Juries also have another important role, as we so love to remind them during jury selection: they are the weighers of evidence. It is their job to determine if the State has met its burden of proof. They are to decide if a prosecution is successful beyond a reasonable doubt and whether the State has firmly convinced them that the individual accused has indeed committed the crime.
But juries are often kept in the dark. They are directly told that they are not to bother themselves with consequences – in fact, barring a few outliers, juries aren’t even told of what the consequences might be. Their job is simply to decide the facts and then blindly apply the law. They’ve become accountants, adding up the numbers and deciding if you’ve got a surplus or deficit. That’s not how it always used to be, though. In 1794, Supreme Court Chief Justice John Jay informed a jury as follows:
It may not be amiss, here, Gentlemen, to remind you of the good old rule, that on questions of fact, it is the province of the jury, on questions of law, it is the province of the court to decide. But it must be observed that by the same law, which recognizes this reasonable distribution of jurisdiction, you have nevertheless a right to take upon yourselves to judge of both, and to determine the law as well as the fact in controversy. On this, and on every other occasion, however, we have no doubt, you will pay that respect, which is due to the opinion of the court: For, as on the one hand, it is presumed, that juries are the best judges of facts; it is, on the other hand, presumbable, that the court are the best judges of the law. But still both objects are lawfully, within your power of decision.
John Adams said the following:
“It is not only [the juror’s] right, but his duty … to find the verdict according to his own best understanding, judgment, and conscience, though in direct opposition to the direction of the court.”

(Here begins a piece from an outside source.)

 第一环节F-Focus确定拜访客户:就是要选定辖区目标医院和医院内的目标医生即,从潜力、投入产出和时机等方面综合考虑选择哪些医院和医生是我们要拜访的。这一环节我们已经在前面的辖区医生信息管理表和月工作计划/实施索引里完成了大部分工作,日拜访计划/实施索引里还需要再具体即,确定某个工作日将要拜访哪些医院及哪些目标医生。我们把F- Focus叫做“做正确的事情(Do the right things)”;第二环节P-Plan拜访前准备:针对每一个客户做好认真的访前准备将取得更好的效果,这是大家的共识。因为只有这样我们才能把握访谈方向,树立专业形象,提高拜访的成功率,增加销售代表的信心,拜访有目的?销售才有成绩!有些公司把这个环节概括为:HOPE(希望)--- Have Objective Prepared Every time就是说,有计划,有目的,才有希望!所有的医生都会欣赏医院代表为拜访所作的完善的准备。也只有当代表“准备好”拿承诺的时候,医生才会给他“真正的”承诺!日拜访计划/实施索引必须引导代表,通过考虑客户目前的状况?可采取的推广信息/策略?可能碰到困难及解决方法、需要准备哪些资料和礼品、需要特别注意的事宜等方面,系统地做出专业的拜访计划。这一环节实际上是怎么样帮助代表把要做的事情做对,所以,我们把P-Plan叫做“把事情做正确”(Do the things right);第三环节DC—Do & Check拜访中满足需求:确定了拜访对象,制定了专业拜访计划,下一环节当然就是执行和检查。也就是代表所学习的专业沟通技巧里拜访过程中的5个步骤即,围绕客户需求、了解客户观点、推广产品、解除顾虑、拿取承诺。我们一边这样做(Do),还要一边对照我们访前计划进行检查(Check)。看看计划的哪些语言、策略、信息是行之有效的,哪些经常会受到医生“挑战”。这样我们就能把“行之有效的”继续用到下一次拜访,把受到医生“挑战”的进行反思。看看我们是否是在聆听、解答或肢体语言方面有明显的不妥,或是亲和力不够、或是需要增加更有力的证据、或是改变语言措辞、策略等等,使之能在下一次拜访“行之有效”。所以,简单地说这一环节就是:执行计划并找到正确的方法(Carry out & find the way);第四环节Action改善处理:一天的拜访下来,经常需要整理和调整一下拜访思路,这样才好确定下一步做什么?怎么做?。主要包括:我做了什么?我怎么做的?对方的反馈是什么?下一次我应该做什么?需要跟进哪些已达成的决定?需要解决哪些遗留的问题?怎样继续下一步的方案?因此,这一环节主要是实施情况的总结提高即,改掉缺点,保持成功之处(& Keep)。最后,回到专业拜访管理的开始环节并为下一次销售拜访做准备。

In other words, the power to nullify. The idea that the jury served not only as a judge of individual criminal acts but also as a check against unrestrained governmental powers is far older than the Constitution itself. Back in ye olde dayes, people were more concerned about tyranny and free speech (in fact, many explicit nullification powers still remain in State Constitutions with regards to libel), but the former is no longer a serious concern today. But that should in no way justify the decline of jury nullification and courts’ refusal to instruct juries on their inherent power to do so, much less affirmatively instruct them of the opposite. [This abrupt change in judicial policy seems to stem from Sparf v. US, a 5-4 opinion penned by Justice Harlan, holding that judges did not have to inform juries of their power of nullification. How that morphed into lawyers being unable to argue the same is unclear to me.]

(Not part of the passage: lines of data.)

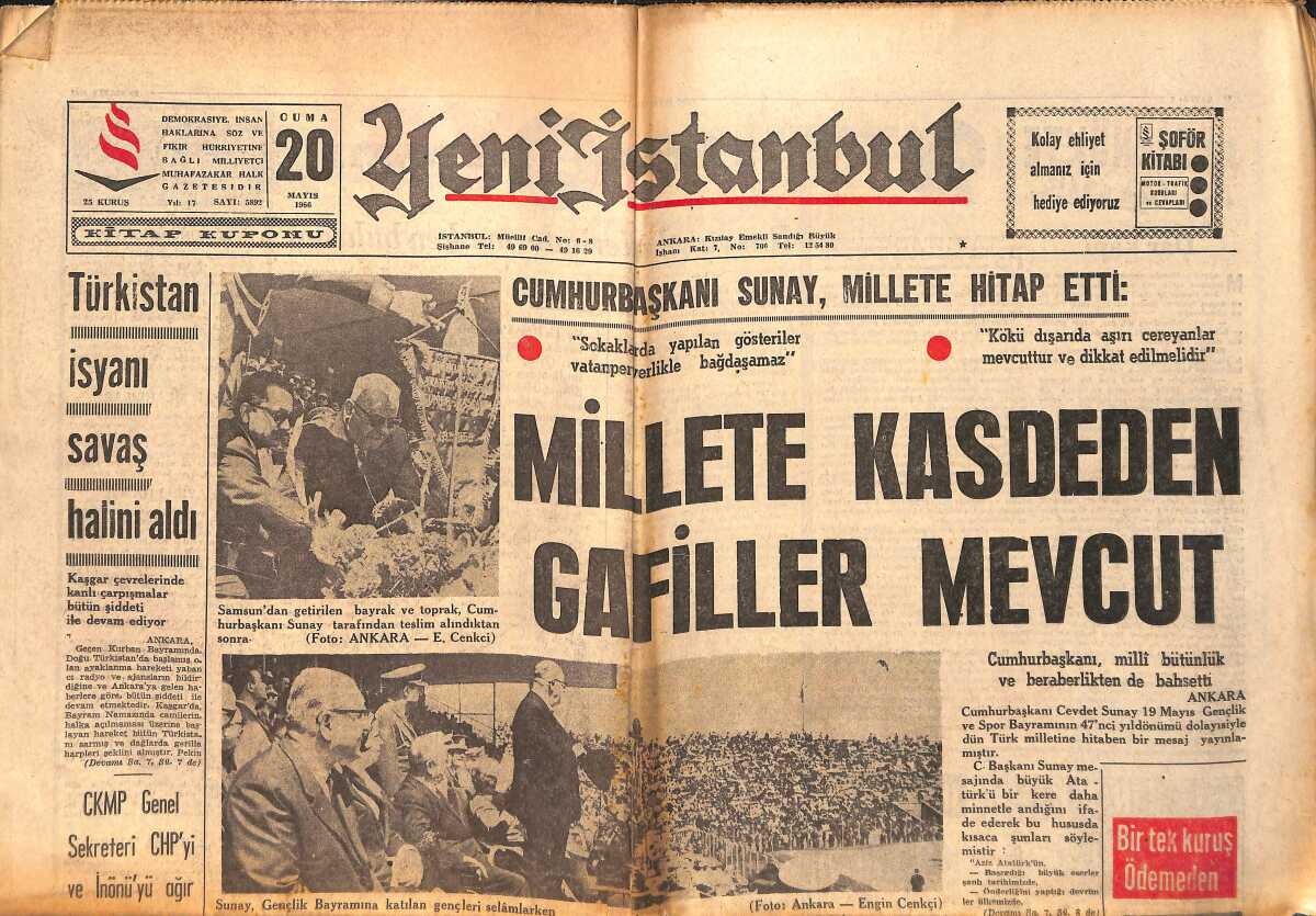 Yeni İstanbul Gazetesi 20 Mayıs 1966 - Türkistan İsyanı Savaş Halini Aldı - Cumhurbaşkanı Sunay , Millete Hitap Etti GZ158669
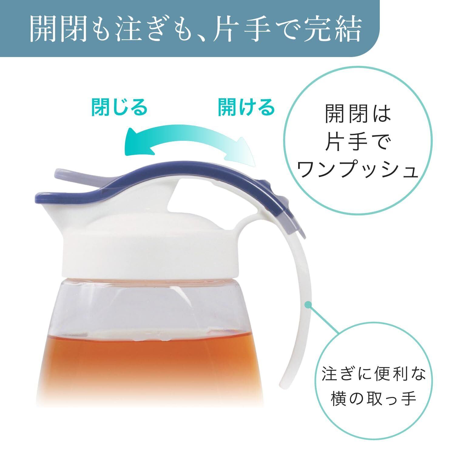 スライド式の蓋を採用しており、一手で簡単に開閉できます。飲み物を注ぐ際もストレスなくスムーズに行え、日常の食卓でも重宝するデザインです。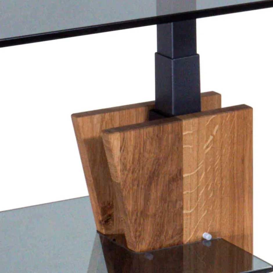 - Markant ist das Säulengestell aus Wildeiche Massivholz mit Bodenplatte in Anthrazit

Citizens of our states today face a different kind of tyranny: over-criminalization, the creeping police state and the severe intrusion into our civil liberties and individual rights and the pervasive “guilty until proven innocent” culture that justifies the erosion of our constitutional rights and protections, several fruitless wars on drugs and the absurd “tough on crime” sentencing laws that have decimated entire generations of minority populations.
Juries should have the power to decide whether public policy is served by the prosecution of a particular defendant and whether, as a community, they want to support the criminalization of certain acts. After all, the jury purports to represent that very community that is sought to be protected by these criminal laws.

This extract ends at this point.